- Genre: Animation Stand-up comedy
- Created by: Ruth Selwyn
- Original languages: English, German, Spanish and Hebrew

= Lizzy the Lezzy =

Lizzy the Lezzy is an animated stand-up comedy series about a woman called Lizzy who talks mostly about lesbian interests. The sketches contain graphical sexual material but not graphic imagery.

Lizzy the Lezzy was created in October 2006 by the Israeli cartoonist Ruth Selwyn. This is the first animated stand-up material of its kind, and the videos have had over 4 million views online. The first episode was uploaded to Myspace and was soon spotted by Arlan Hamilton who writes one of the most popular lesbian blogs on the internet. The publicity from Hamilton's article led to The L Word Online suggesting to Selwyn that she make a funny stand-up video about The L Word. Lizzy then made fun of other lesbians and the resulting video was posted on AfterEllen.

In 2007, Logo TV acquired the first ten Lizzy stand-up comedy videos and broadcast them on its gay/lesbian animation show, Alien Boot Camp. Curve magazine included Lizzy in an article entitled "Networking Lesbians", and Lesbians on the Loose International featured Selwyn and Lizzy as well. Lizzy's stand-up "comedy" videos were also covered on The Bilerico Project's "Sunday Funnies" and on Jewcy where she was described as "the funniest lesbian on Myspace".

Lizzy videos were shown in many gay-themed film festivals, such as the 2008 Israeli Gay and Lesbian Film Festival, and the 2008 Lethal Lesbian 3 film event.

== Content ==
Each Lizzy video has a different theme. One has no sound (for deaf people); one has almost no visuals (for blind people) and there are episodes in French, German, Spanish and Hebrew, all of which contain English subtitles. Most of the videos on YouTube now also have closed captions in English and Spanish.

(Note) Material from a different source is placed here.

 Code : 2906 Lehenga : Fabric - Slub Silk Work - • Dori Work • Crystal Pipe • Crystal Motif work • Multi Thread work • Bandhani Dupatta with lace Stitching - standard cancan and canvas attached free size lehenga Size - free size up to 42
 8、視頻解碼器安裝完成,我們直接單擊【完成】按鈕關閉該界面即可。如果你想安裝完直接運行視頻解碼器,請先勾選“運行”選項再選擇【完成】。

Selwyn decided to make a special Lizzy stand-up video for National Coming Out Day, which was shown on Lovegirls with Lizzy's funny "Coming Out Guide", and was seen by the Human Rights Campaign which subsequently asked her to create a special video for the L Word season five premier parties across the United States. In June 2009, Tegan and Selwyn posted a link to Lizzy's website on their Twitter page.

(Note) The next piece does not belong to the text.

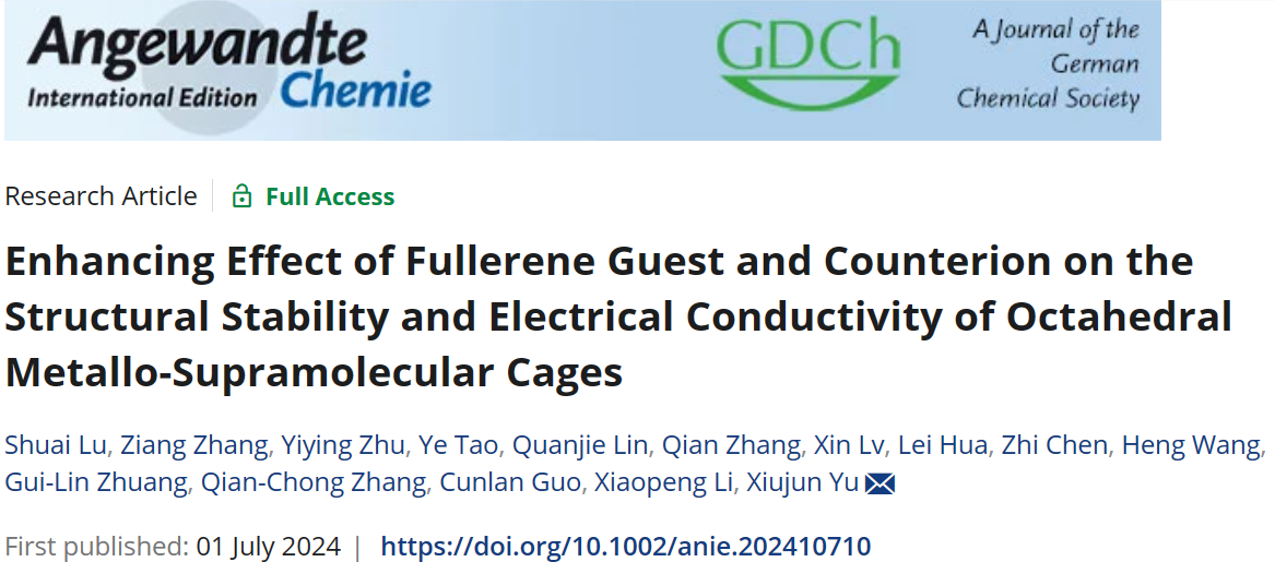 Article details: Shuai Lu, † Ziang Zhang,† Yiying Zhu, Ye Tao, Quanjie Lin, Qian Zhang, Xin Lv, Lei Hua, Zhi Chen, Heng Wang, Gui-Lin Zhuang, Qian-Chong Zhang,* Cunlan Guo,* Xiaopeng Li, Xiujun Yu*. Enhancing Effect of Fullerene Guest and Counterion on the Structural Stability and Electrical Conductivity of Octahedral Metallo-Supramolecular Cages. Angew. Chem. Int. Ed., 2024, e202410710.

Lizzy is sometimes joined by her best friend Gary the Gay and they often talk to each other about the problems they have with being homosexuals. Lizzy also has friends called Kate the Straight, Nic the Bi-Chick and Stan the Macho Man, and these characters all appear in a book written and produced by Selwyn entitled Lizzy the Lezzy Gets Laid. The book contains a similar style of humour to the animated cartoons.

== Reception ==

Lizzy's lesbian comedy videos have been seen by more than 2 million people.

In 2015, activists Haneen Maikey and Mikki Stelder criticised the series for "pinkwashing" Israel's treatment of Palestinians, eroticising "colonial power dynamics", and argued that the series offers insight as to how the "Israeli LGBT community advances Israel's Zionist logic".

In late August 2018, the official Lizzy the Lezzy Facebook page was hacked by a troll who uploaded videos and images of transsexual pornography as well as images that contain the word "faggot". The page had over 2 million likes.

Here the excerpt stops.